UNDP Zambia's Management Analyst, Kasweka Malenji, celebrating International Women's Day 2023

Image captured by: Vanessa Wematu Akibate/UNDP Zambia

Kasweka Malenji is a Management Analyst at UNDP Zambia, leading the design and implementation of the Country Office’s Digital Transformation. Through her work, she influences the daily processes of the office and promotes SDG 5: to achieve gender equality and empower all women and girls. 

“My enthusiasm to join the field of innovation and technology was sparked by the ability to discover new and innovate ways of doing ‘business as usual’, making day-to-day tasks accessible, interactive, efficient, and agile.”
Kasweka Malenji

This year’s International Women’s Day theme, #DigitALL: Innovation and Technology for Gender Equality, has called for the world to reassess women and girls place in technology and innovation, towards enhancing digital inclusion and empowering women and girls for leadership in technology and digital innovation. In our work across 170 countries and territories, the UNDP advocates for women and girls to enhance digital inclusion and empower women and girls to lead in digital spaces.

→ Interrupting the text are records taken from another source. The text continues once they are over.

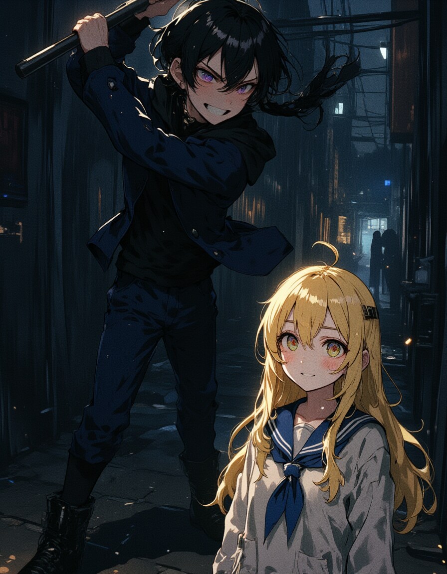 一撃。落ちていた鉄パイプで彼の側頭部に一撃を加え、一瞬で意識を刈り取る。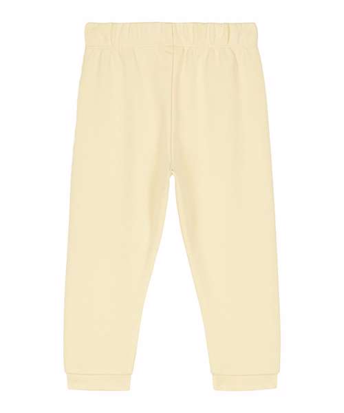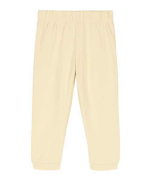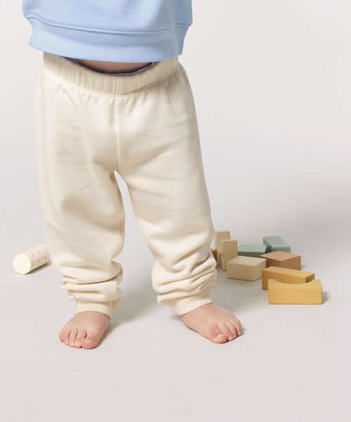 The iconic baby jogger pants. Medium fit. Self-fabric, elasticated, grown-on waistband. Narrow twin-needle at waistband base. No side seam for extra comfort. 1x1 rib at bottom leg cuff.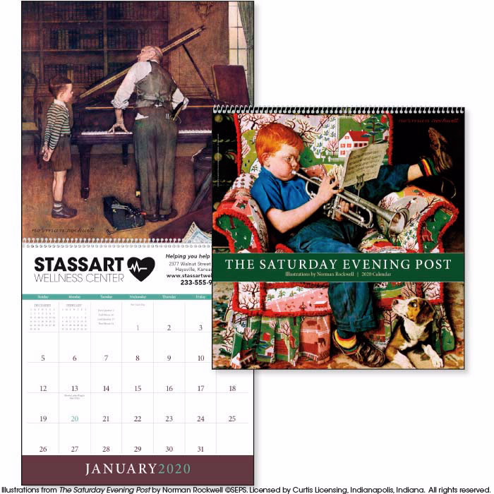 Promote your business with this custom Saturday Evening Post Calendar. Featuring warm hearted, nostalgic illustrations by beloved artist Norman Rockwell your clients will associate your business with the comfort of simpler times in an increasingly busy world. Each month features a full color illustration from The Saturday Evening Post. With your custom logo this retail quality calendar will build your business every day of the year. This promotional calendar is full color and printed in the USA.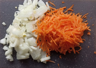 В это время мелко нарежьте лук и натрите на терке морковь.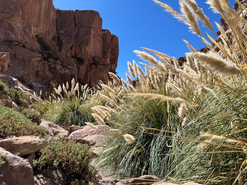 After lunch, the trail was relatively friendly until we reached a dense canyon floor forest of giant reeds with their fluffy feathered I-don’t-even-know-what-you’d-call-them. Rafi explained that this was the most critical part because he had to figure out the right path for us to get thru successfully to continue on. With some trial and error we made our way through the dense foliage. I was getting frustrated because Rafi would forge ahead before communicating his plan and next thing I know I’d find myself trying to follow with almost zero visibility, and no warnings from him when the ground dropped out below the reeds and fluff fell off the plants and flew up my nose. I’m lucky I didn’t turn an ankle at the least and more than once I may have asked out loud, “What in the actual f*^@ am I doing?!”

However, according to UN Women, and Genevieve Smith and Ishita Rustagi for the Stanford Social Innovation Review, a global analysis of 133 AI systems from 1988 to today revealed that 44.2% of AI systems displayed gender bias, with 25.7% of these systems exhibiting both gender and racial biases. These biases filtered into technology contribute to the lower service quality, unequal resource distribution and the reinforcement of harmful stereotypes for women – a consequence that is only compounded for women and girls in Africa that are additionally prone to be affected by racial biases.

With growing inequalities within the technology and digital space, it has become crucial now more than ever to ensure that women are strategically included in the design, creation, and use of digital technologies to close the digital divide. Through increased women’s representation and participation in the creation, use and regulation of technology, digital tools and services can be used to create safer, more equitable solutions to development problems around the world.

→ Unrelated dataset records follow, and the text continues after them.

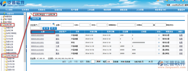 2、點(diǎn)擊我們的合同訂單主題即可了解詳細(xì)的合同訂單情況。如下圖所示: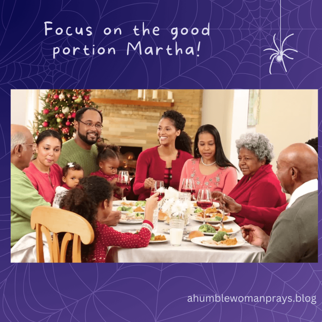 Our loving and understanding Lord, Thank you for the reminder that we don’t like being the resentful, negative, Martha. We want to be cheerful, nurturing and loving aka showing our Christ like self to all. Please help me to focus, give my time to the loving, peaceful and compassionate blessings of this life that you gave me. Thank you from the bottom of our hearts. Amen.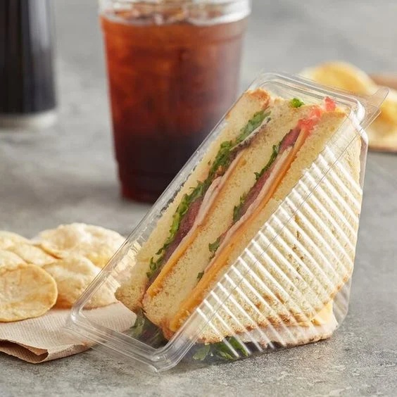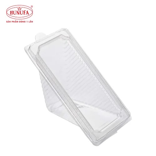 Virgin PET sandwich/cake containers manufactured in Vietnam, featuring a clear white finish and a premium triangular shape to enhance product visibility and shelf appeal while keeping pastries protected during transport and display; the rigid one-piece design helps prevent crushing, the tight-fitting lid improves hygiene and reduces leakage risk, and the embossed inner pattern helps stabilize the cake inside—ideal for sandwiches, mooncakes, sponge cakes, and similar bakery items, supplied in bulk packing 1×1000 with custom sizes available for international bakery and F&B packaging buyers.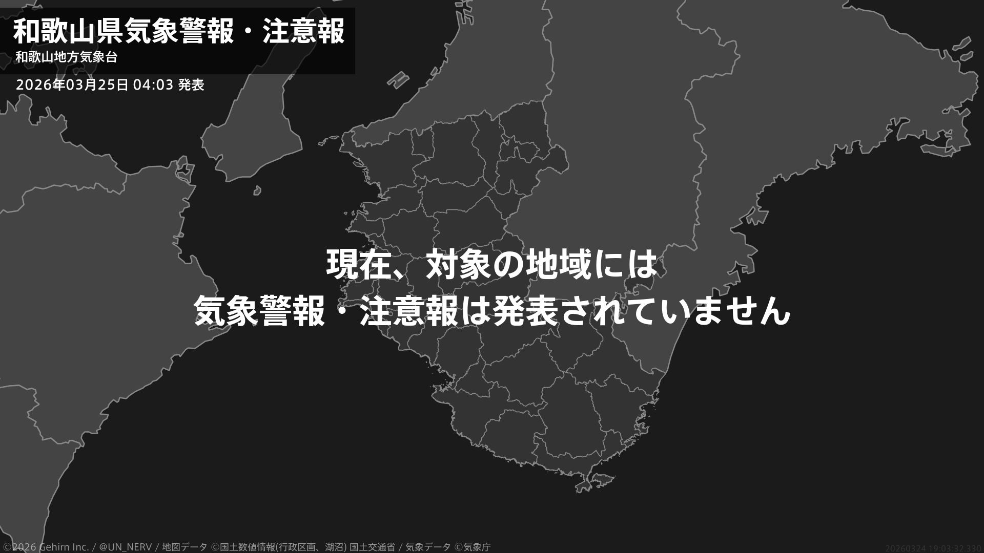 【和歌山県 気象警報・注意報 2026年03月25日 04:03】注意報を解除します。#気象警報注意報 #和歌山県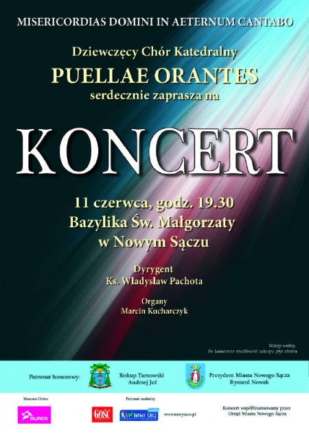 Dziewczęcy Chór Katedralny "Puellae Orantes" serdecznie zaprasza na koncert, który odbędzie się 11 czerwca, o godz. 19:30 w Bazylice Św. Małgorzaty w Nowym Sączu. Powyższe wydarzenie artystyczne jest częścią realizowanego przez chór cyklu koncertów z okazji Jubileuszu Miłosierdzia Bożego oraz 1050. rocznicy Chrztu Polski.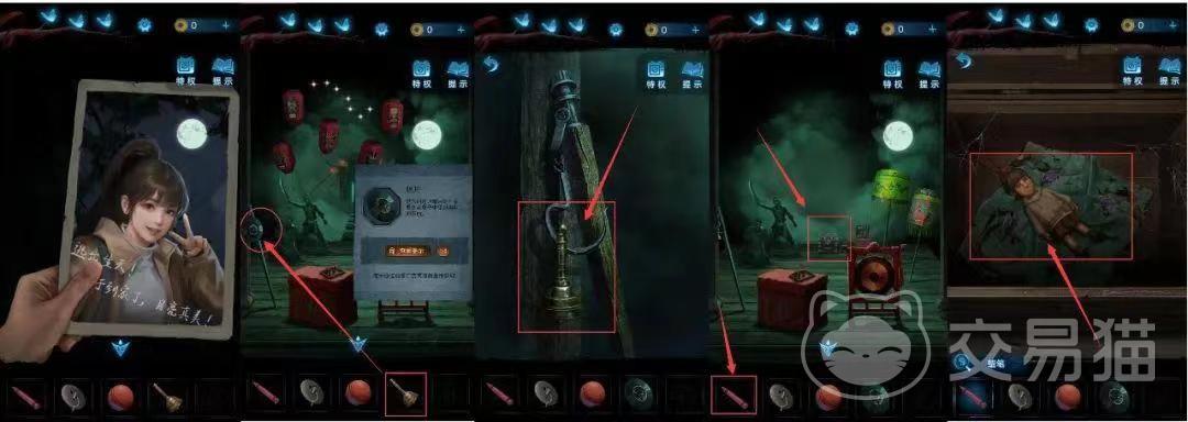 在这个房间要做的就是拿照片去点亮屋子,同时会发现有个铁棍上面会有一个唱片。最后再将铃铛挂在房间内的挂钩上面就可以了,这里的北斗七星过关方法就是点击门当中的背影一次就会亮一次,玩家们点一颗星星,再点击铃铛,三颗星星点击皮影,五颗星星点击锣,点击六颗星星要点击滑盖,七颗星星点击酒杯,每一颗星星对应的物品都不一样,所以玩家们要记住他们的顺序。

Kasweka demonstrates the power that including women in digital technology has to create solutions that promote gender equality. 

“Recently developed a Gender Seal Platform to track the CO progress towards the attainment of the Gender Equality Seal. “The Gender Equality Seal for UNDP Country Offices promotes an organizational culture of gender equality and incentivizes country offices to meet standards by integrating gender into all aspects of our development work.” The tool has successfully supported the CO to track our implementation towards transformational gender equality results and identify bottlenecks in good time.” – Kasweka recalls.

While her contributions to the digital transformation of the Country Office cannot be understated, her work also showcases how this impact can ripple out into communities in Zambia to impact the lives of beneficiaries in Zambia. Describing what she enjoys about her work at the UNDP Country Office, she adds:

“The best part about working in UNDP, particularly in my job, is the opportunity to profoundly improve the way UNDP delivers to its beneficiaries in Zambia through the design and implementation of systems that contribute to the achievement of cost-efficient and effective services. This includes empowering UNDP women with enhanced digital knowledge and skills, and most importantly working on increasing accessibility to all.”